> [Your assignment]: Return the data below exactly, but only from the line containing "琎口澳洲CHAO细羊毛/桑蚕丝廓形斜襟双面呢外套女大衣《MNHXZC003" through the line containing "- DDR Mehrbild-AK", with both of those lines included.

> [Data supplied]:
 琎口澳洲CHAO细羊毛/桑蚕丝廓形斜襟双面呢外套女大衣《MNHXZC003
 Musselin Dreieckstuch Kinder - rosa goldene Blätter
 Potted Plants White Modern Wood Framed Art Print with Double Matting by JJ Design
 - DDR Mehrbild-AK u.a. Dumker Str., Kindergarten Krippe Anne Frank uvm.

* * *

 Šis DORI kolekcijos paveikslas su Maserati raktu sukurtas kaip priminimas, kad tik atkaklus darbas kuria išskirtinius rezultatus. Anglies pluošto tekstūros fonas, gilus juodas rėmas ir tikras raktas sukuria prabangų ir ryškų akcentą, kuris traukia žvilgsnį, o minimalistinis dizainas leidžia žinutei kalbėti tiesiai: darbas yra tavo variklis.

> [Written response]:
 琎口澳洲CHAO细羊毛/桑蚕丝廓形斜襟双面呢外套女大衣《MNHXZC003
 Musselin Dreieckstuch Kinder - rosa goldene Blätter
 Potted Plants White Modern Wood Framed Art Print with Double Matting by JJ Design
 - DDR Mehrbild-AK u.a. Dumker Str., Kindergarten Krippe Anne Frank uvm.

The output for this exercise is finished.